*REQUIREMENT*
Look through the material below and copy exactly the lines from the line with "種まきは、時期を間違えると芽" to the line with "geom_path(data = grouped_data, aes(x", those two lines included.

*RECORDS SHOWN*
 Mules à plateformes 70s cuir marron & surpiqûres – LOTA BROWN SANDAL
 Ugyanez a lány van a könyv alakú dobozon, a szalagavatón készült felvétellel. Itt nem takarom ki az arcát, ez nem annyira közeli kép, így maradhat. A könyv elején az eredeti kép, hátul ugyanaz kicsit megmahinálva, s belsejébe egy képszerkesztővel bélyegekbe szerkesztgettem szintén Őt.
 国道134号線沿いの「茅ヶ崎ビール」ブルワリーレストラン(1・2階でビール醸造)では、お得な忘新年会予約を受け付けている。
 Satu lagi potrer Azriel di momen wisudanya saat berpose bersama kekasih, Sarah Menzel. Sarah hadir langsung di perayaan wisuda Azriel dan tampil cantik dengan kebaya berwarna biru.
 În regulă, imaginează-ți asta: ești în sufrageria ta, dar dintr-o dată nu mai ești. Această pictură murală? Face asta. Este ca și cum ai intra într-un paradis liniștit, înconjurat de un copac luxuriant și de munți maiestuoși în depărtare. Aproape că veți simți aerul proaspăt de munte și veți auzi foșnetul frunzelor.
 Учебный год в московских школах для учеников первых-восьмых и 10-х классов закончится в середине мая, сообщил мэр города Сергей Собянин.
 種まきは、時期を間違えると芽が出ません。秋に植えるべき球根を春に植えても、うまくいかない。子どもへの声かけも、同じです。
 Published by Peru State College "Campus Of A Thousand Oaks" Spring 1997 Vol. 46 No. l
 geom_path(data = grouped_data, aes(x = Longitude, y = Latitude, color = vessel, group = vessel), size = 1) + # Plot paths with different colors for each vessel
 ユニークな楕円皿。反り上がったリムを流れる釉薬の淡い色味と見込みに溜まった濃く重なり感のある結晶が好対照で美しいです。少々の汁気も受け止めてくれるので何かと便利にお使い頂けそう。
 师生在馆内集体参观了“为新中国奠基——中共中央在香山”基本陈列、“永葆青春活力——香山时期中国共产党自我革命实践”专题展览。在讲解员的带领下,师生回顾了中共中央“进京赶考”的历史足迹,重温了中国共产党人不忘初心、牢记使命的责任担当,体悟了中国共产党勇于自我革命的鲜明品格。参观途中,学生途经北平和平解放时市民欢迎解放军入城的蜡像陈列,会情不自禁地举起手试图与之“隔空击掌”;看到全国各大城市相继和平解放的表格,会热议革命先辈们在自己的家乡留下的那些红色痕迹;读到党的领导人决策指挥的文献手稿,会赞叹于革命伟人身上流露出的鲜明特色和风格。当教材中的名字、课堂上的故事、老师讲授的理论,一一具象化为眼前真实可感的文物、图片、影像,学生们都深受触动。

*EXERCISE RESULT*
 種まきは、時期を間違えると芽が出ません。秋に植えるべき球根を春に植えても、うまくいかない。子どもへの声かけも、同じです。
 Published by Peru State College "Campus Of A Thousand Oaks" Spring 1997 Vol. 46 No. l
 geom_path(data = grouped_data, aes(x = Longitude, y = Latitude, color = vessel, group = vessel), size = 1) + # Plot paths with different colors for each vessel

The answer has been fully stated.